Continuing @Shuttle128 ‘s explanation. The half-life means the strength of the radiation decreases by half every 5700 years. So, if it reads 500 rads right now, in 5700 years it will read 250 rads, and 5700 years after that it will read 125 rads. Mathmatically, you can then measure what it is now, and know how old it is by how low the rads are.
Hope this helped.
@filmfann Rads are a unit of radiation exposure and is not in any way used in radiometric dating.
Mass spectrometers are used to determine the content of the sample. The numbers of atoms are related to the age by this equation:
D = Do + N[e^(λt) − 1]
Where t is age
D is number daughter atoms in sample
Do is number daughter atoms in original composition
N is number parent atoms in sample
λ is the inverse of the half-life
So I think the missing piece is just how that translates to the actual dating. And this isn’t my thing, so I’m just confirming here…

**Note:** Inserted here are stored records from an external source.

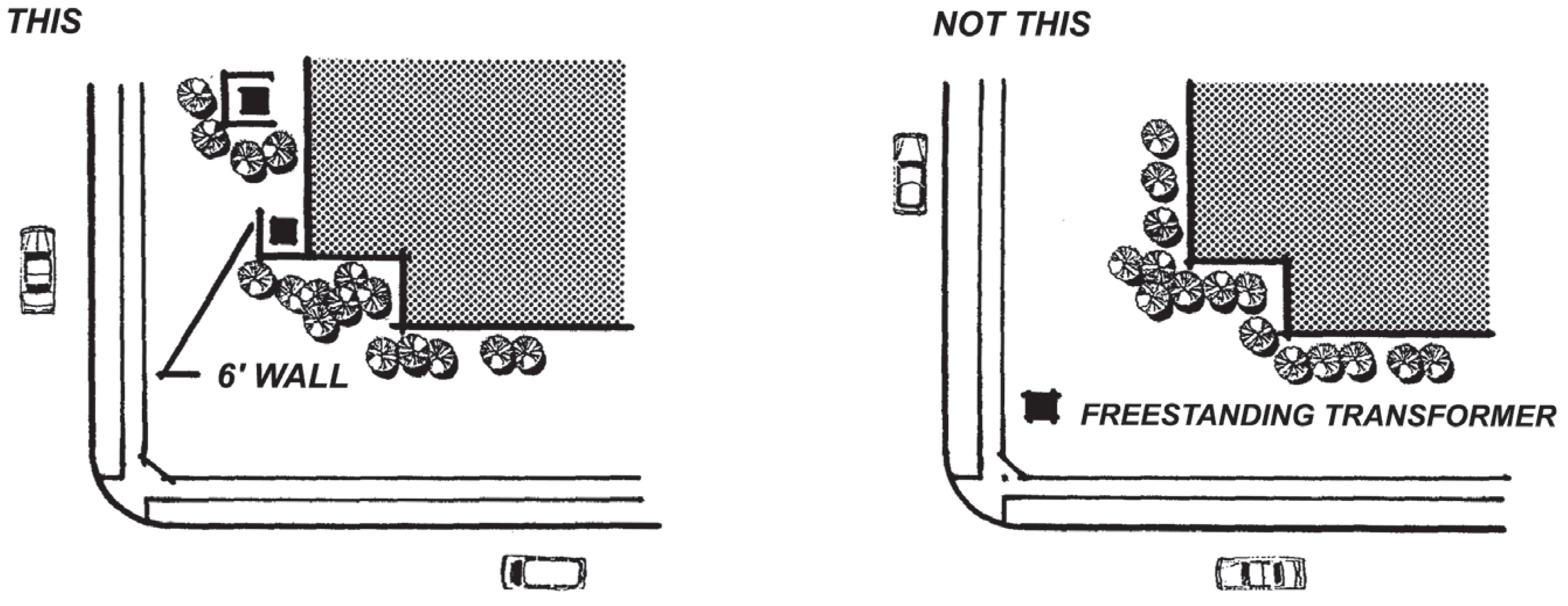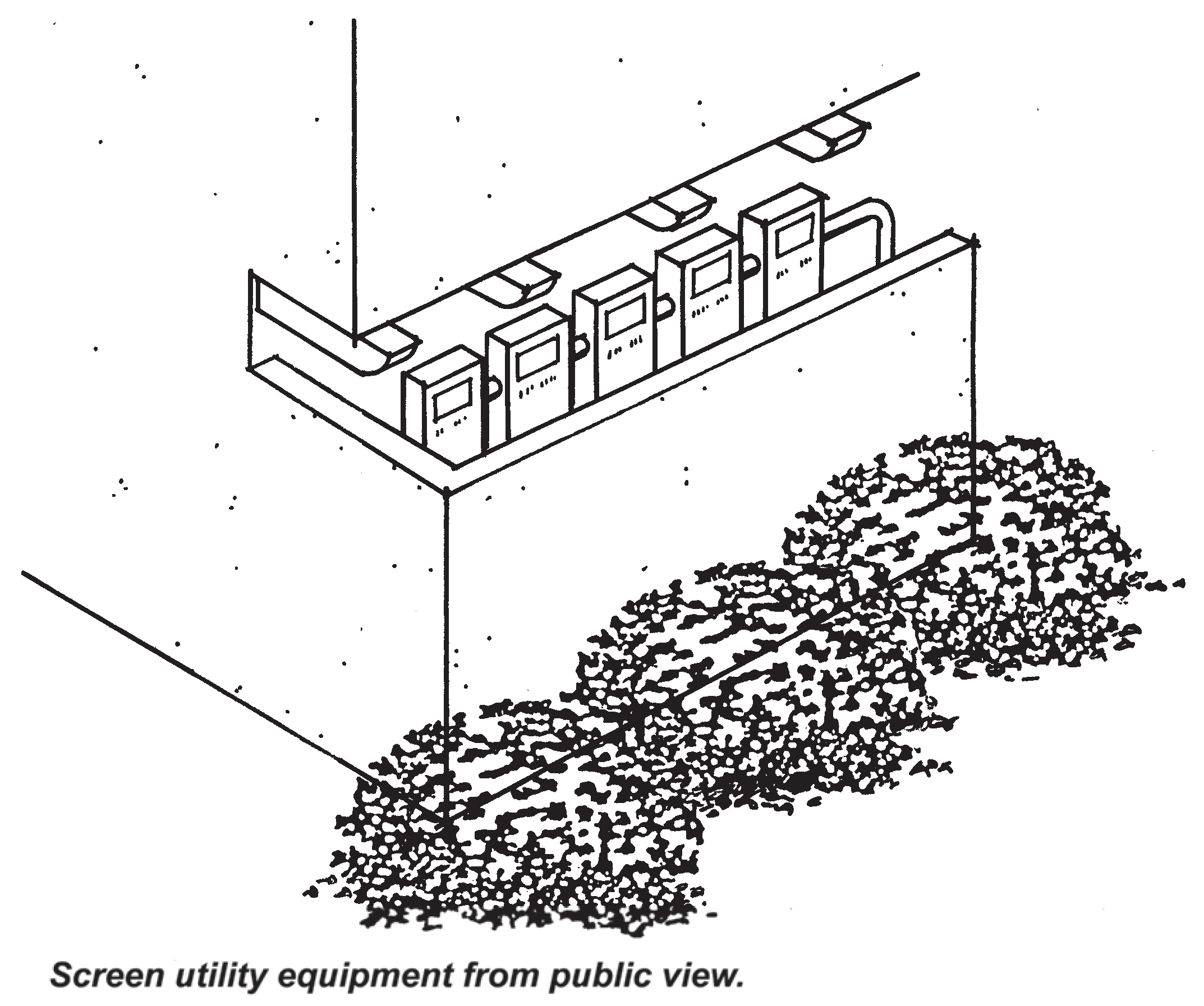 All utility connections shall be designed to co-ordinate with the architectural elements of the site so as not to be ex-posed except where necessary. Pad-mounted transformers and/or meter box locations shall be included in the site plan with any appropriate screening treatment (Figures 9.45.040-A and B).
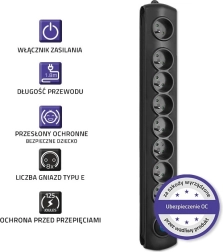 Meklējat universālu risinājumu vairāku ierīču barošanai no vienas rozetes? Šī pārsprieguma sloksne apvieno drošību, ergonomiku un dizainu. Pateicoties 8 kontaktligzdām, viegli pievienosiet TV, datoru, lādētājus un virtuves ierīces, bet 1,8 m kabelis nodrošina pietiekamu garumu.
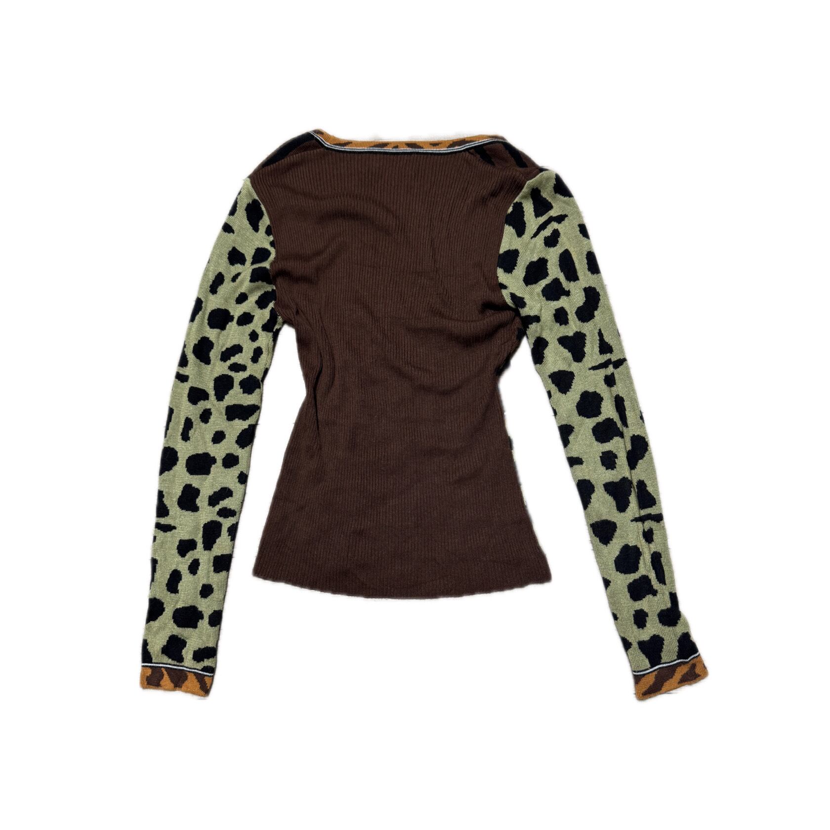 Leopard & Stripe Pattern Knit Top レオパード&ストライプパターン ニットトップ
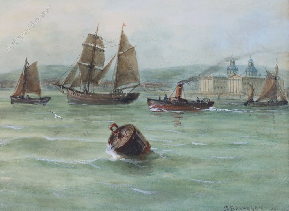 Biography: John Branegan was born in 1840. Little is known of Branegan, but it would appear that soon after his marriage he settled in London making his living as a painter, residing for some time at 118, Stanhope Street and later at 9, St. Thomas' Gardens. It is probable that he moved to Whitby about 1880 or 1881 as he exhibited a number of pictures in the Yorkshire Fine Art Exhibition at Leeds in 1882 and the following year in the Yorkshire Fine Art and Industrial Institution Exhibition in York.

In the Carbon-14 example. The assumption is that there would be 100% Carbon-14 and no Nitrogen-14 when the sample is formed.
If you find equal Carbon-14 and Nitrogen-14 (a 50%-50% mix) in a sample then you’d be one “half-life” away from creation, so 5700 years.
Three times the Nitrogen-14 (25%-75% mix) would mean two half lives had passed or 11400 years, and so forth. Correct?
@Shuttle128 You’re probably right. It’s been years since I did this. But the concept is correct.
@funkdaddy Actually no, well sort of. As I edited in above (a bit too late I’m afraid) we don’t assume that the daughter atoms are zero at t=0. I believe what we normally do is determine from a large sample of data, what most newly formed samples contain. Since radioactive decay is an exponential function we use the equation above to determine the date. However, it can sort of be done the way you suggest.
From a non-scientific point-of-view: I think it makes an excellent catch-phrase for habitually going out with people who are a really bad match.